Anatomical characterization of the cannabinoid cb1 receptor in cell type-specific mutant mouse rescue models.
“Type-1 cannabinoid (CB1 ) receptors are widely distributed in the brain. Their physiological roles depend on their distribution pattern that differs remarkably among cell types. Hence, subcellular compartments with little but functional relevant CB1 receptors can be overlooked, fostering an incomplete mapping. To overcome this, knock-in mice with cell-type specific rescue of CB1 receptors have emerged as excellent tools to investigate its cell type-specific localization and sufficient functional role with no bias.
However, to know whether these rescue mice maintain endogenous CB1 receptor expression level, detailed anatomical studies are called for. The subcellular distribution of hippocampal CB1 receptors of rescue mice that express the gene exclusively in dorsal telencephalic glutamatergic neurons (Glu-CB1 -RS) or GABAergic neurons (GABA-CB1 -RS) was studied by immunoelectron microscopy. Results were compared with conditional CB1 receptor knock-out lines.
As expected, CB1immunoparticles appeared at presynaptic plasmalemma making asymmetric and symmetric synapses. In the hippocampal CA1 stratum radiatum, the values of the CB1 receptor immunopositive excitatory and inhibitory synapses were: Glu-CB1 -RS: 21.89% (glutamatergic terminals); 2.38% (GABAergic terminals); GABA-CB1 -RS: 1.92% (glutamatergic terminals); 77.92% (GABAergic terminals). The proportion of CB1 receptor immunopositive excitatory and inhibitory synapses in the inner third of the dentate molecular layer was: Glu-CB1 -RS: 53.19% (glutamatergic terminals); 2.30% (GABAergic terminals); GABA-CB1 -RS: 3.19% (glutamatergic terminals); 85.07% (GABAergic terminals).

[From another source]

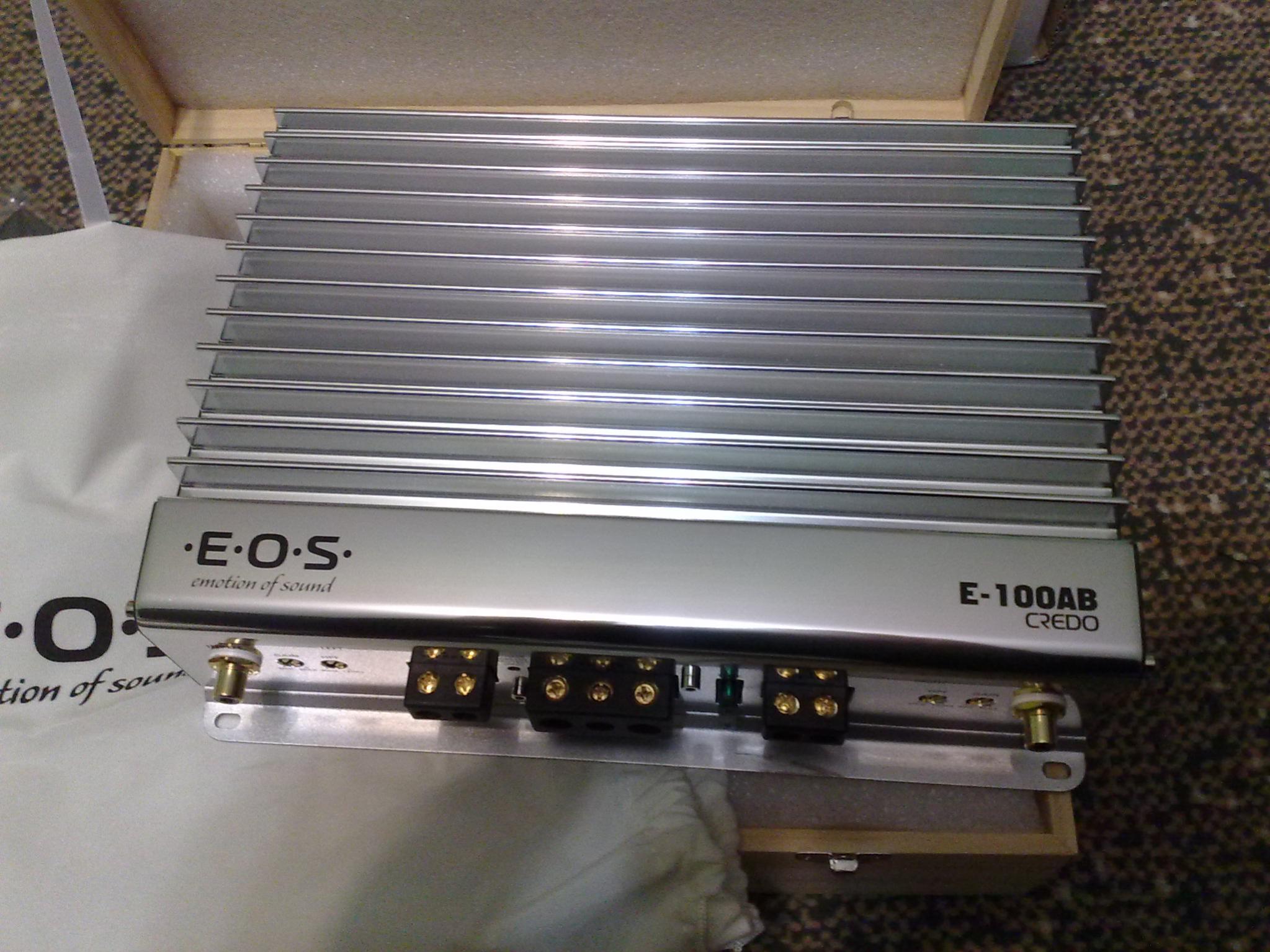 Вчера наконец прогрелся мой ЭОС 100АВ и появилась возможность перенастроить систему. Усилитель даёт красивый, ровный, по-домашнему приятный и очень детальный во всём диапазоне звук, даже не пришлось задействовать эквалайзер на моём Кларионе 778. Качество изготовления - на высоте, так что свои деньги отыгрывает до копейки. Теперь надеюсь, что к СЧ/ВЧ звену, на который работает данный усилитель у судей на соревнованиях претензий будет значительно меньше

Taken together, Glu-CB1 -RS and GABA-CB1 -RS mice show the usual CB1 receptor distribution and expression in hippocampal cell types with specific rescue of the receptor, being therefore ideal for in-depth anatomical and functional investigations of the endocannabinoid system.”
The multiple waves of cannabinoid 1 receptor signaling.

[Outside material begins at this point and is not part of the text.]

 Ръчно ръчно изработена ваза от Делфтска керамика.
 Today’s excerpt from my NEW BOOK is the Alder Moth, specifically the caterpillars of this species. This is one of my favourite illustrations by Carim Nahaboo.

“The cannabinoid 1 receptor (CB1R) is one of the most abundant G protein-coupled receptor (GPCR) in the CNS with key roles during neurotransmitter release and synaptic plasticity. Upon ligand activation, CB1Rs may signal in three different spatiotemporal waves.
The first wave is transient (<10 minutes) and is initiated by heterotrimeric G proteins followed by a second wave (>10 minutes) mediated by beta-arrestins. A final third wave occurs at intracellular compartments and could be elicited by G proteins or beta-arrestins.
This functional complexity presents multiple challenges, from the correct classification of receptor ligands to the identification of the signaling pathways regulated by each wave and their underlying molecular mechanisms and physiological impact.
Simultaneously, it provides new opportunities to harness the therapeutic potential of the cannabinoid system.
Over the last several years, we have significantly expanded our understanding of the mechanisms and pathways downstream from CB1R. The identification of mutations in the receptor that can bias signaling to specific pathways and the use of siRNA technology in combination with toxins have been key tools to identify which signaling cascades are controlled by G proteins or beta-arrestins.
Here, we review our current knowledge of the multiple waves of CB1R signaling with particular emphasis on the mechanisms and cascades mediated by beta-arrestins downstream from the CB1R.”